Ogni settimana ti parliamo di un album che pensiamo tu debba ascoltare. L'album di questa settimana è l'ultimo dell'artista soul e country Faye Webster, Atlanta Millionaires Club.
Quando eseguita con cura, la malinconia è un'arte. Un passo nella direzione sbagliata e entri nel territorio della depressione o ti ritiri nella terra del pessimismo, che non è necessariamente dove chiunque vuole andare. La malinconia risiede nello stesso vicolo cieco estetico di broncio e camp, ma è qualcosa di completamente diverso. È genuina ma studiata, quasi ammiccante. Non è facile da realizzare, ma di certo aiuta se hai, come ATlien Faye Webster, un arsenale di ritornelli intelligenti e quantità copiose, copiose di pedal steel piangente. (Nota: Come sia riuscita a fare così tanto pedal steel così vario e a farlo avere così tanto senso in così tanti contesti sonori rimane un mistero per me, ma ragazzo, è incredibile.)
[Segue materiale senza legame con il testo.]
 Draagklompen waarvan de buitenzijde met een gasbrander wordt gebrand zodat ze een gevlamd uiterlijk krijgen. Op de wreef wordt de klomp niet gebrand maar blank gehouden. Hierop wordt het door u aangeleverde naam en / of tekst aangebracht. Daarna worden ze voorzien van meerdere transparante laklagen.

Nel suo terzo LP e debutto con Secretly Canadian, Atlanta Millionaires Club, l'alumna di Awful Records fonde il country e l'americana con cui è cresciuta (Glen Campbell, il primo Gath Brooks) con ispirazioni più recenti come Aaliyah e Angel Olsen per imbottigliare la sensazione di essere incontrollabilmente lacrimosi quando ci sono 22 gradi e il sole splende. E mentre “senza genere” è diventato un termine piuttosto privo di significato di questi tempi, Faye sfonda e mescola le linee di genere in modo più fluido e impercettibile di qualsiasi artista degli ultimi tempi. Un minuto sta facendo da colonna sonora al mantra dell'introverso universale (“dovrei uscire di più”) con una melodia tropicalmente rilassata, e il minuto dopo ha il collega di Awful Records e co-collaboratore occasionale Father che scivola in un verso accanto al suo sensuale ritornello nel brillante (e onestamente? assetato) punto culminante “Flowers.”
La copertina ritrae Webster, con uno sguardo spento e una visiera, che fissa nel vuoto con una manciata di monete di cioccolato che si sciolgono distrattamente sulla sua bocca e gocciolano sul mento. Non è la copertina che ci si aspetterebbe da un album così ampiamente introspettivo e solitario come l'album che è fatto per caratterizzare, ma solo qualcosa di altrettanto ingegnoso e sottilmente inquietante come il tono costante e astuto di Webster potrebbe adornare la copertina. “Voglio essere felice, trovare un uomo con un vecchio nome proprio come me e superare il fatto che il mio cane è il mio migliore amico, e lui non sa nemmeno come mi chiamo,” canta nella languida e piena di anima ballata 6/8 “Jonny.”
Anche le sue canzoni d'amore più dirette, come la sognante singolo principale “Kingston” o la giocosa “Right Side of My Neck,” sono leggermente, indulgentemente malinconiche e infuse di blu. Imbevute di corni innamorati, toni di batteria burrosi e linee di basso ronzanti che potrebbero essere pesanti, drammatiche battiti di ciglia, anche i momenti più esaltanti di questo album (proprio come i momenti più esaltanti della vita) non sono comunque senza un sospiro. Una canzone sul tuo collo che odora ancora del tuo amante dopo che se ne sono andati ha uno o due motivi per essere terribilmente sdolcinata e esagerata, ma attraverso la lente di Faye, è la cosa più lontana da questo.
Amileah Sutliff è una scrittrice, editor e produttrice creativa con sede a New York ed è l’editor del libro The Best Record Stores in the United States.